McAdams Mara A, Van Dam Rob M, Hu Frank B

机构信息

Department of Epidemiology, Harvard School of Public Health, 665 Huntington Avenue, Boston, MA 02115, USA.

出版信息

Obesity (Silver Spring). 2007 Jan;15(1):188-96. doi: 10.1038/oby.2007.504.

Abstract

OBJECTIVE

The purpose of this study is to evaluate the validity of BMI based on self-reported data by comparison with technician-measured BMI and biomarkers of adiposity.

RESEARCH METHODS AND PROCEDURES

We analyzed data from 10,639 National Health and Nutrition Education Study III participants > or =20 years of age to compare BMI calculated from self-reported weight and height with BMI from technician-measured values and body fatness estimated from bioelectrical impedance analysis in relation to systolic blood pressure, fasting blood levels of glucose, high-density lipoprotein-cholesterol, triglycerides, C-reactive protein, and leptin.

RESULTS

BMI based on self-reported data (25.07 kg/m2) was lower than BMI based on technician measurements (25.52 kg/m2) because of underreporting weight (-0.56 kg; 95% confidence interval, -0.71, -0.41) and overreporting height (0.76 cm; 95% confidence interval, 0.64, 0.88).

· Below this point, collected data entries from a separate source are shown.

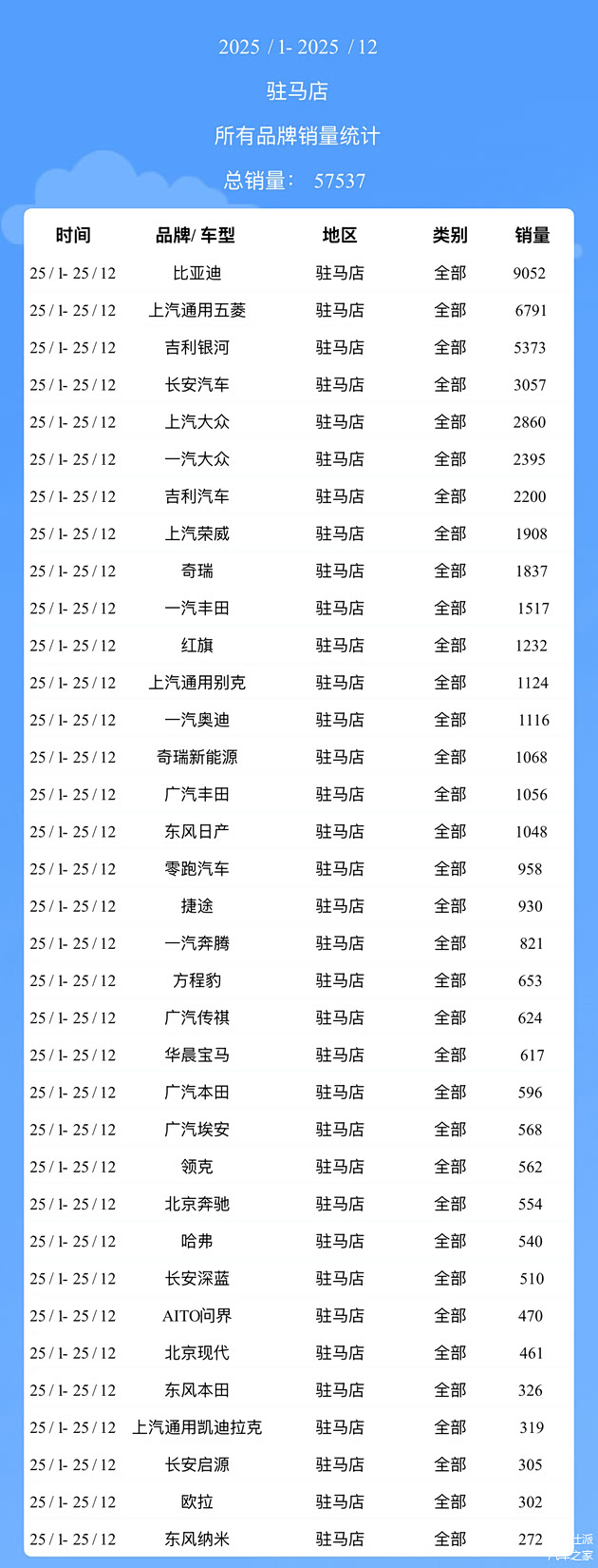 值得注意的是,从驻马店市2025年全年销量来看,排名前三的汽车品牌为:比亚迪全年销量9052辆,上汽通用五菱6791辆,吉利银河5373辆。这也进一步佐证了为什么近几年比亚迪、五菱、吉利银河的4S店会开拓到县区。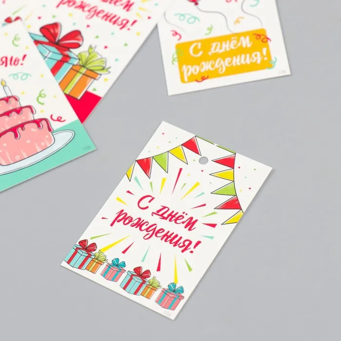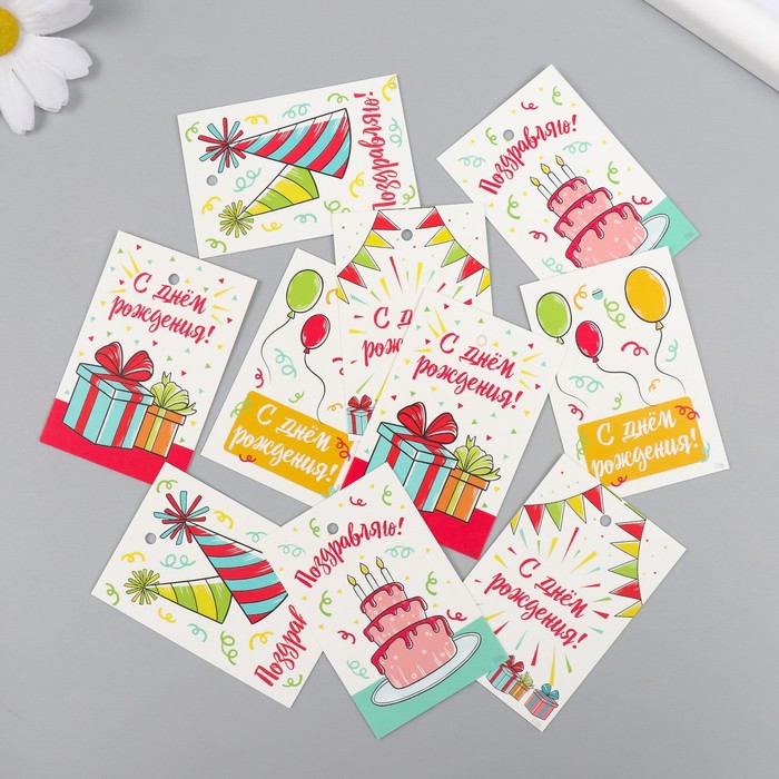 Набор бирок для подарков, цветов «День рождения», 10 шт. (5 видов), картон, 4×6 см — Характеристики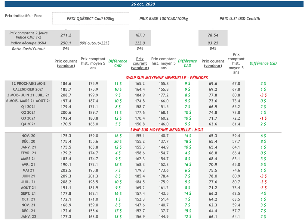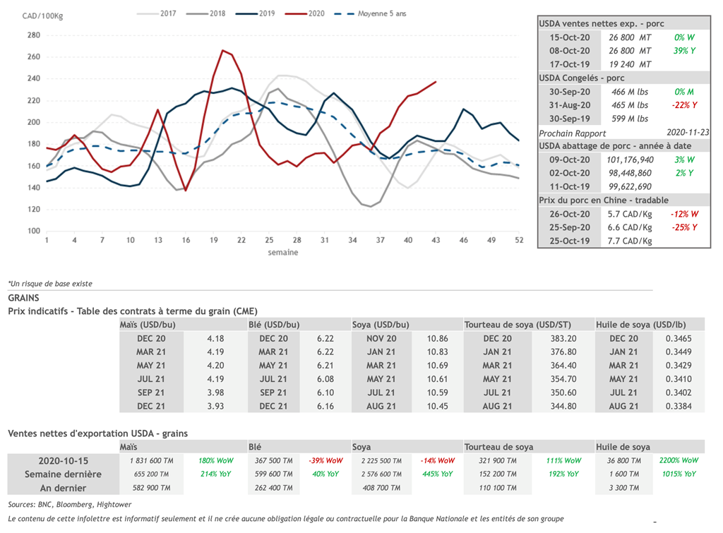 • Les contrats de porc ont transigé en baisse vendredi pour finalement reprendre de la vigueur et terminer la session en hausse, à l'exception du contrat de mai 2021. Le gain fait par le contrat de décembre 2020, 0,825 cent US/lb (+1,25%), n'aura cependant pas été suffisant pour rattraper la perte de 3 cents US/lb jeudi. Le contrat demeure au même niveau qu'il y a 3 semaines environ alors que les contrats de février à août 2021 sont redescendus près de leurs niveaux du début du mois de septembre après avoir atteint un sommet il y a environ une semaine et demie.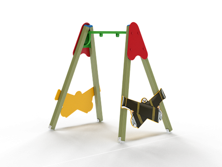Качели состоят из четырех деревянных столбов, крепежных фанерных накладок две из которых в форме перекрещивающихся стволов пушек с художественным оформлением и перекладины под один подвес.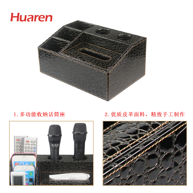 淘宝KTV唛克风话筒座话筒架遥控器桌面收纳盒抽纸盒纸巾盒手机座皮革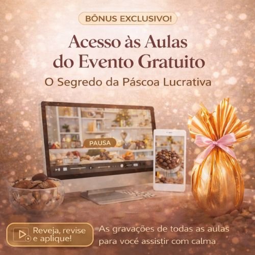 Você aprende a construir uma Páscoa lucrativa, estratégica e profissional do início ao fim.

However, the correlations between self-reported and measured BMI values were very high (0.95 for whites, 0.93 for blacks, and 0.90 for Mexican Americans). In terms of biomarkers, self-reported and measured BMI values were equally correlated with fasting blood glucose (r = 0.43), high-density lipoprotein-cholesterol (r = -0.53), and systolic blood pressure (r = 0.54). Similar correlations were observed for both measures of BMI with plasma concentrations of triglycerides and leptin. These correlations did not differ appreciably by age, sex, ethnicity, or obesity status. Correlations for percentage body fat estimated through bioelectrical impedance analysis with these biomarkers were similar to those for BMI.

DISCUSSION

The accuracy of self-reported BMI is sufficient for epidemiological studies using disease biomarkers, although inappropriate for precise measures of obesity prevalence.

摘要

目的

本研究旨在通过与技术人员测量的体重指数(BMI)及肥胖生物标志物进行比较,评估基于自我报告数据得出的BMI的有效性。

研究方法与步骤

我们分析了来自10639名年龄大于或等于20岁的国家健康与营养教育研究III参与者的数据,以比较根据自我报告的体重和身高计算出的BMI与技术人员测量值得出的BMI,以及通过生物电阻抗分析估计的体脂与收缩压、空腹血糖水平、高密度脂蛋白胆固醇、甘油三酯、C反应蛋白和瘦素之间的关系。

结果

由于体重报告偏低(-0.56千克;95%置信区间为-0.71至-0.41)和身高报告偏高(0.76厘米;95%置信区间为0.64至0.88),基于自我报告数据的BMI(25.07千克/平方米)低于基于技术人员测量的BMI(25.52千克/平方米)。然而,自我报告的BMI值与测量的BMI值之间的相关性非常高(白人中为0.95,黑人中为0.93,墨西哥裔美国人中为0.90)。就生物标志物而言,自我报告的和测量的BMI值与空腹血糖(r = 0.43)、高密度脂蛋白胆固醇(r = -0.53)和收缩压(r = 0.54)的相关性相同。两种BMI测量方法与甘油三酯和瘦素的血浆浓度之间也观察到类似的相关性。这些相关性在年龄、性别、种族或肥胖状况方面没有明显差异。通过生物电阻抗分析估计的体脂百分比与这些生物标志物的相关性与BMI的相关性相似。

讨论

尽管基于自我报告的BMI不适用于精确测量肥胖患病率,但对于使用疾病生物标志物的流行病学研究而言,其准确性是足够的。